__The problem__
Below are entries. Give back exactly the lines from the one containing "Камера легко вмещает" through the one containing "Beautiful Canyon Lake", inclusive, without the pictures.

__Records shown__
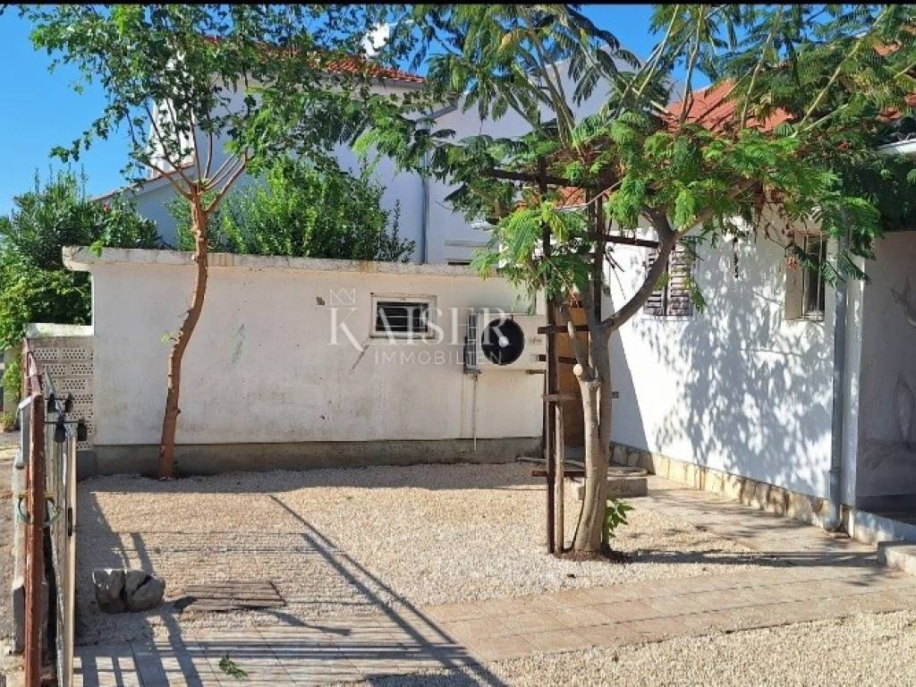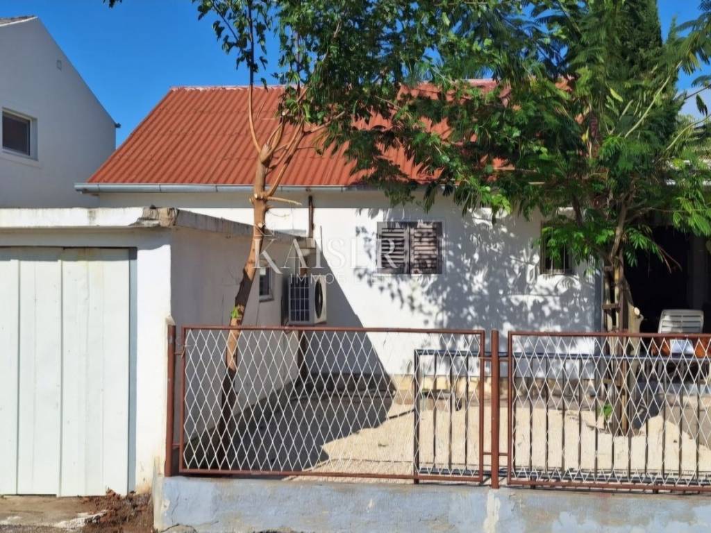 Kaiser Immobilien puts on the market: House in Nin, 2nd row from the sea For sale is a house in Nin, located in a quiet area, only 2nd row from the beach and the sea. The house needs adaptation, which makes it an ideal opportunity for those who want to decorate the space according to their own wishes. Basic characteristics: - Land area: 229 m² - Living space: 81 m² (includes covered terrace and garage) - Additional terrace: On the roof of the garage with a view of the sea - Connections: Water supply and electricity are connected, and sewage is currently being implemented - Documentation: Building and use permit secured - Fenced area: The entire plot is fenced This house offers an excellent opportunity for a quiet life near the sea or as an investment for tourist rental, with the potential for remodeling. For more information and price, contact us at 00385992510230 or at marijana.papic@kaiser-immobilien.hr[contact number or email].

==

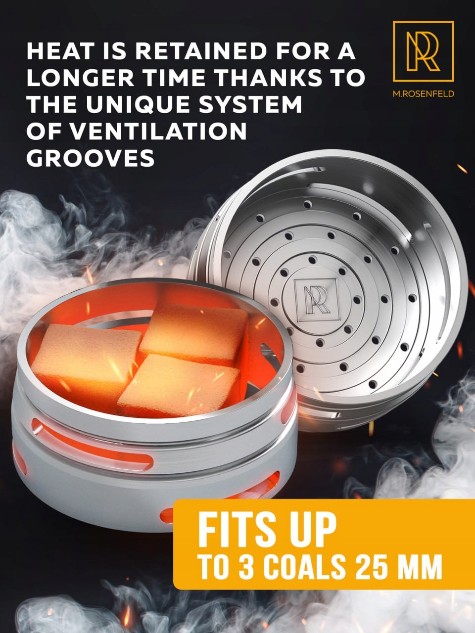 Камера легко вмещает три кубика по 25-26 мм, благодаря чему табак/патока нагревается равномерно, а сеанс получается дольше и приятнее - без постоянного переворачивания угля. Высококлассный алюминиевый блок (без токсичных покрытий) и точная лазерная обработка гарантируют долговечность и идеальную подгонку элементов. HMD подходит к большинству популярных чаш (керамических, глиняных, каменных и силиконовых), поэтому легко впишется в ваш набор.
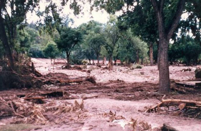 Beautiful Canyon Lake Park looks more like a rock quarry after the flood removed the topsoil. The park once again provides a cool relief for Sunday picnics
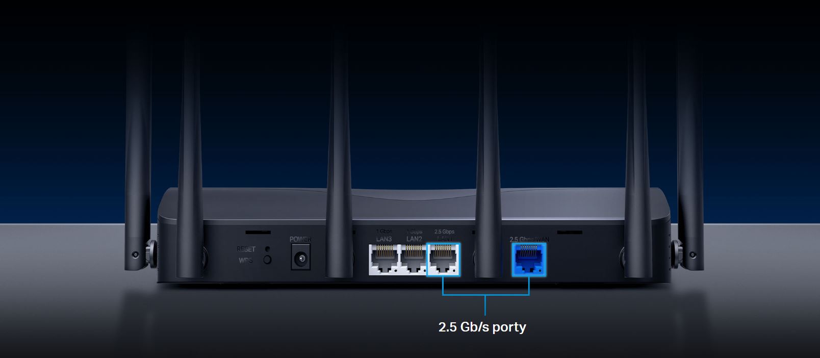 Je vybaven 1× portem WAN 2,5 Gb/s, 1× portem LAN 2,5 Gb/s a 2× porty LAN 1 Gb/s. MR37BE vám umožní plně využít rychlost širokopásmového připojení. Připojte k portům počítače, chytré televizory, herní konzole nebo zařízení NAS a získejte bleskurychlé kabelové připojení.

__Completed exercise__
 Камера легко вмещает три кубика по 25-26 мм, благодаря чему табак/патока нагревается равномерно, а сеанс получается дольше и приятнее - без постоянного переворачивания угля. Высококлассный алюминиевый блок (без токсичных покрытий) и точная лазерная обработка гарантируют долговечность и идеальную подгонку элементов. HMD подходит к большинству популярных чаш (керамических, глиняных, каменных и силиконовых), поэтому легко впишется в ваш набор.
 Beautiful Canyon Lake Park looks more like a rock quarry after the flood removed the topsoil. The park once again provides a cool relief for Sunday picnics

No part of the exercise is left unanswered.